After their 2-day Viagra rally, Bernanke’s Bailout Beggars are back on their heels. Our Q2 2012 Global Macro Theme of “The Last War: Fed Fighting” isn’t easy. But it ain’t over till it’s over either. We’re Holding Our Position that Policies To Inflate (Qe3) will only perpetuate the global growth slowdown. We believe that Strong Dollar is the only way to long-term American prosperity.
Back to the Global Macro Grind…
Don’t look now, but US stocks are down for 5 of the last 6 days and have done nothing but go down versus the YTD highs established on the day after Bernanke became completely politicized (September 13th, 2012).

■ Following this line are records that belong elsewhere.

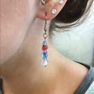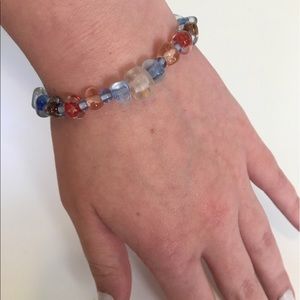 Multicolored Bracelet and Earrings made by me. Bracelet is stretchy and fits wrists 6-8 inches. Fish hook style earrings.
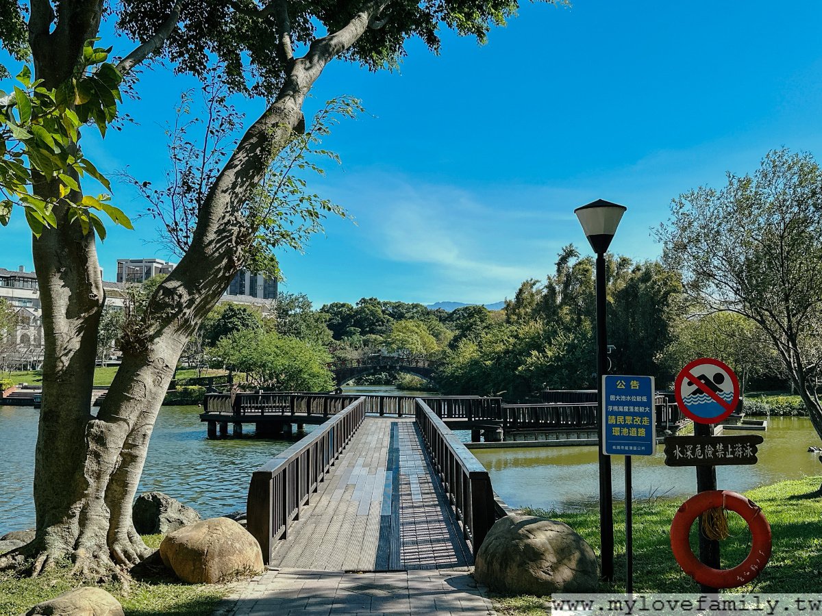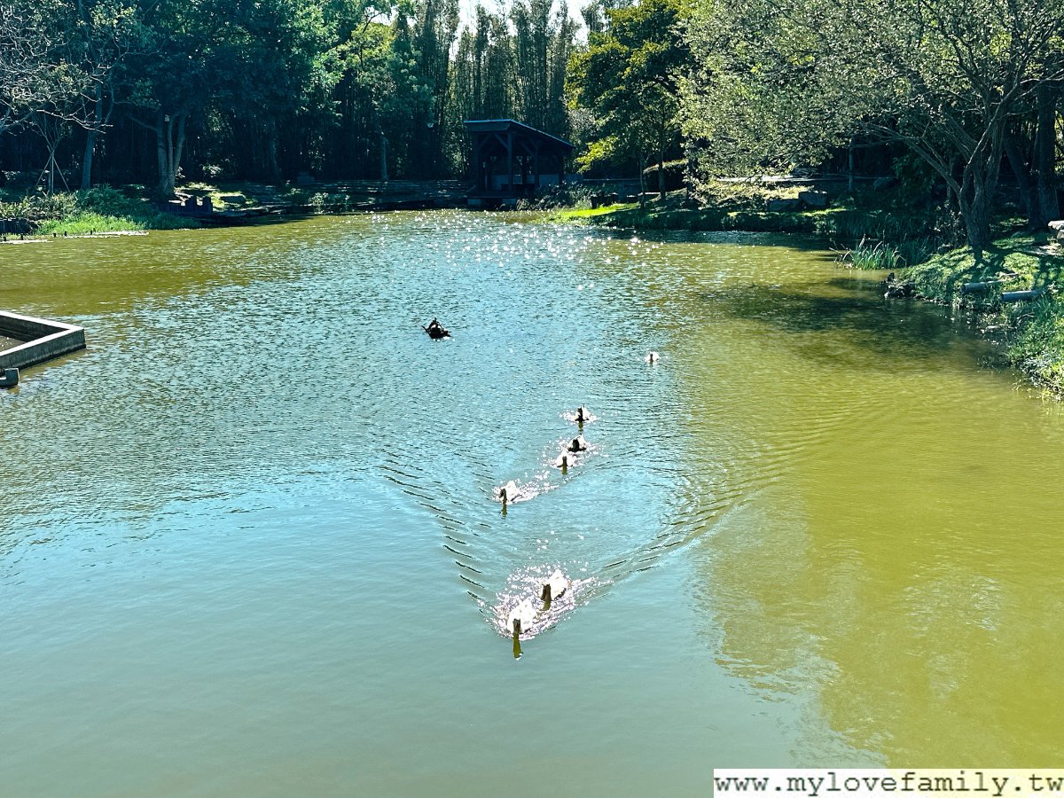 大池中的木棧道輕鬆走,而水中還有烏龜、魚群、鴨子漫遊著。
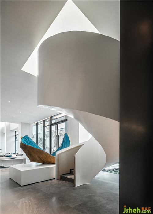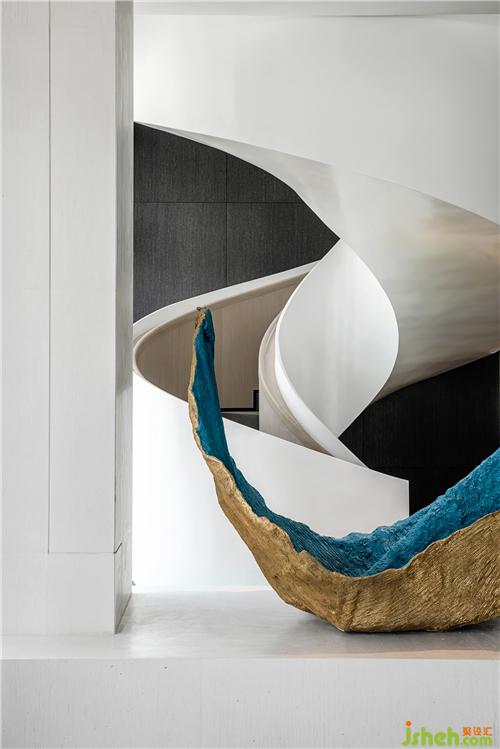 旋转楼梯与艺术装置是舞动的“精灵”,造型和线条展现力量与灵动。艺术品为空间的空白填补想象,在具象与抽象之间,传递价值。
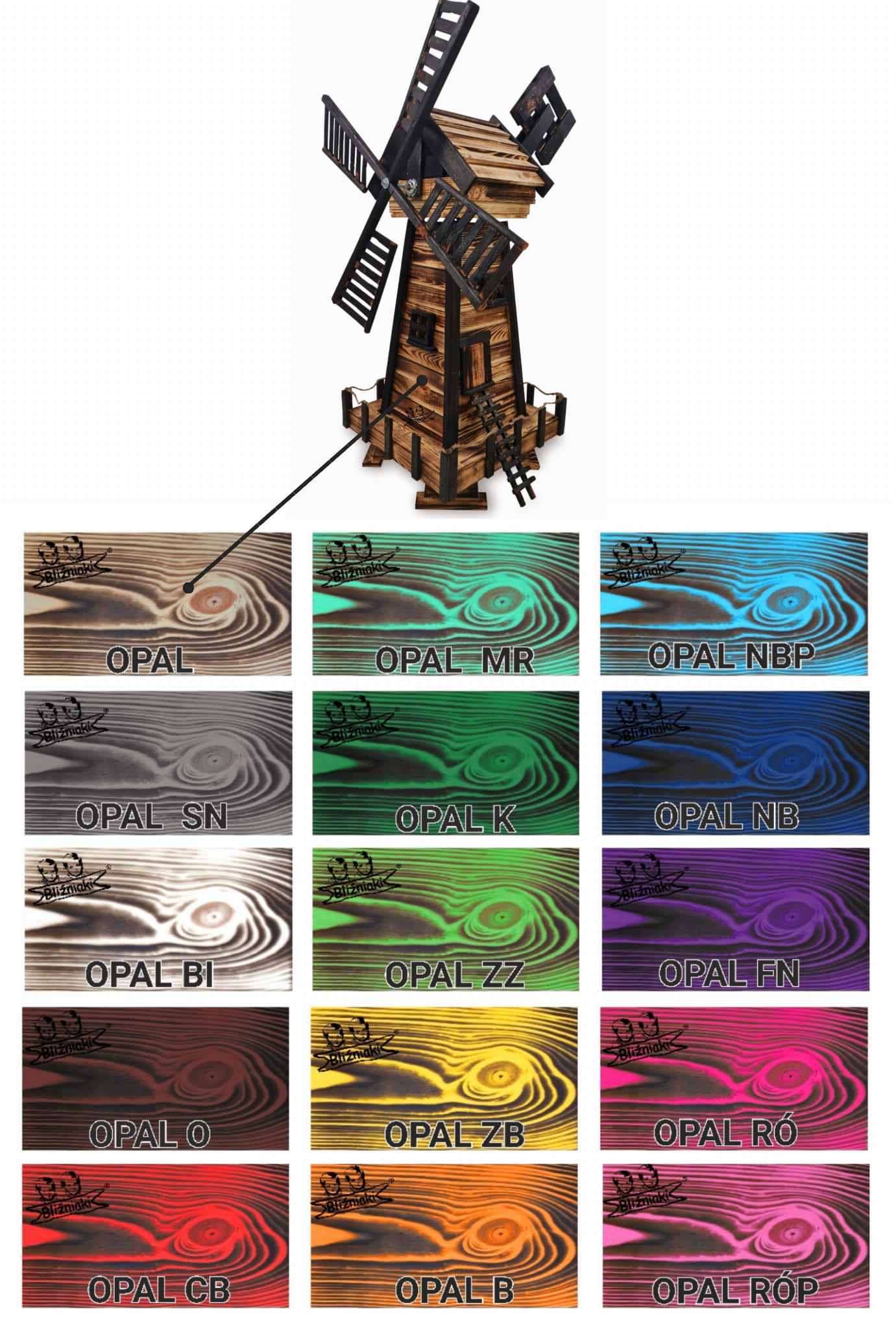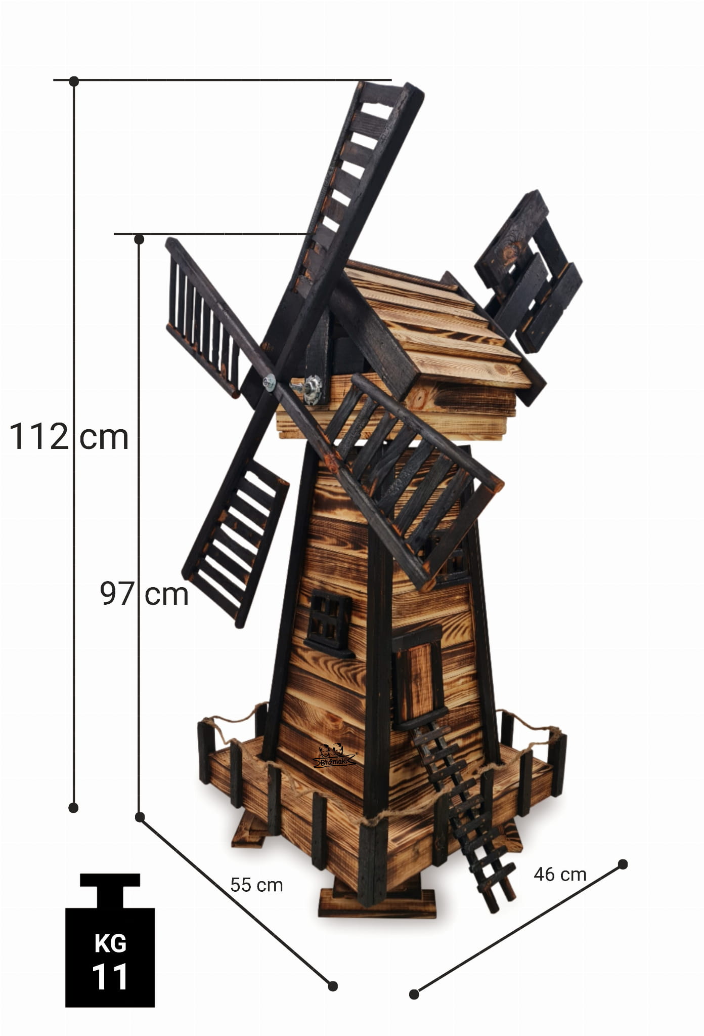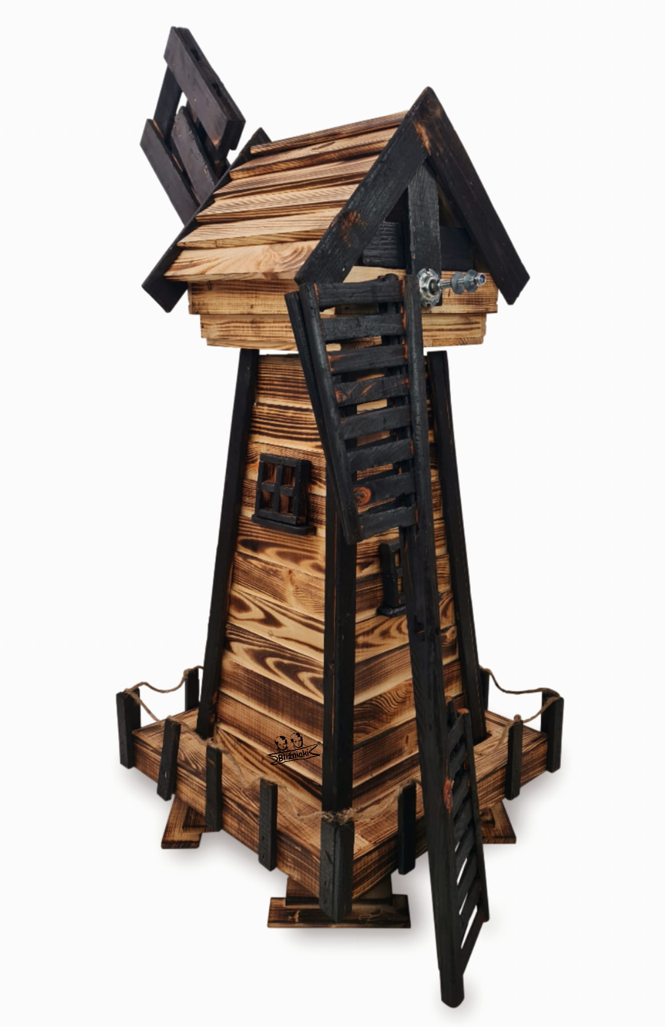 Produkt został wykonany z wysokiej jakości drewna opalanego ogniem metodą ShouSugiBan. Zabezpieczone w taki sposób drewno sprawia, że wiatrak jest odporny na szkodliwe działanie wody oraz wilgoci, promieni UV, a także grzybów i pleśni, może być więc przechowywany przez cały rok na zewnątrz.
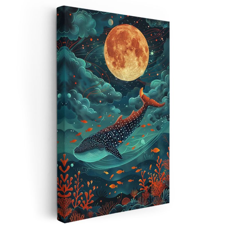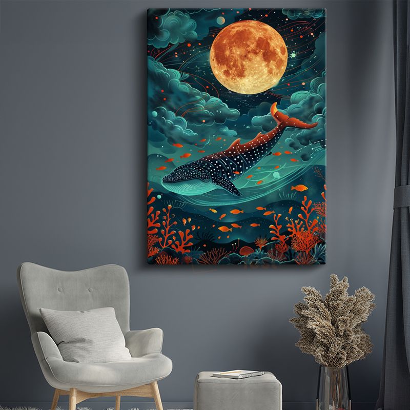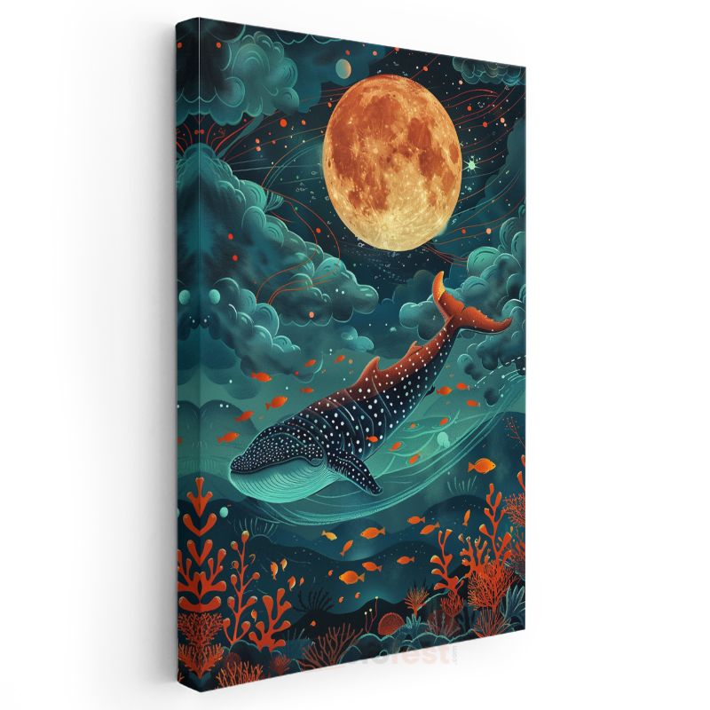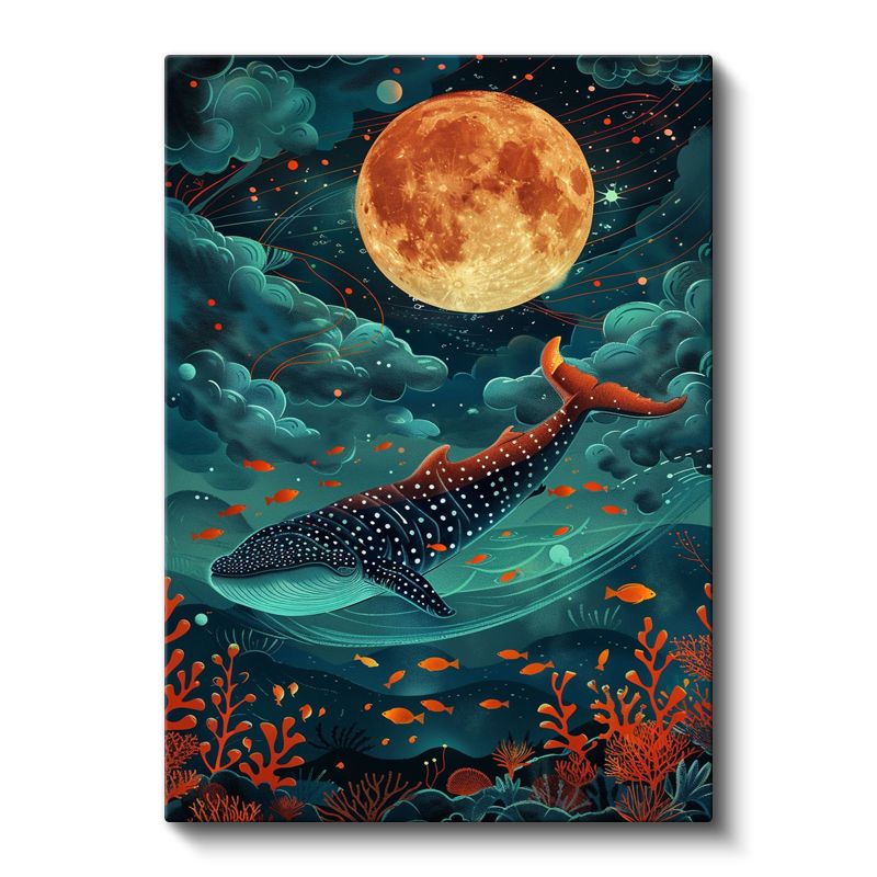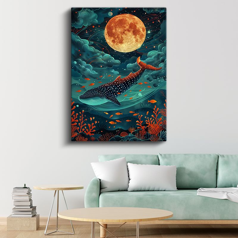 Kozmik Okyanus - Ay Işığında Süzülen Balina Kanvas Tablo

From that goose poop intraday high on September 14th of 1474 in the SP500:
- US stocks are down -1.2% and -1.9% respectively (SP500 and Russell 2000)
- CRB Commodities Index is down hard, from 320 to 305 (-4.8%)
- US Treasury Bond Yields are down even harder, from 1.89% to 1.69% (-11%)
Ok, maybe calling it goose poop is a bit much. But if you bought stocks/commodities up there and shorted bonds, and put your nose real close to your P&L since, it’s closer to the truth than a rumor.
On a more serious note, this is getting serious. The Chairman of the Federal Reserve continues to make promises to markets that he cannot keep. Reality here is sad and simple, at the same time:
- Money Managers are forced to front-run Bernanke, chasing asset prices higher into central planning events
- Then they all need to sell, at the same time, before economic gravity takes hold, and prices correct
This is the anti-thesis of part I of Bernanke’s Congressional mandate (“price stability”). It’s also the #1 reason why A) people won’t hire and B) people won’t invest in this market at a 4.5 year top. Real people with real money don’t trust this market as far as they can throw an NFL replacement ref.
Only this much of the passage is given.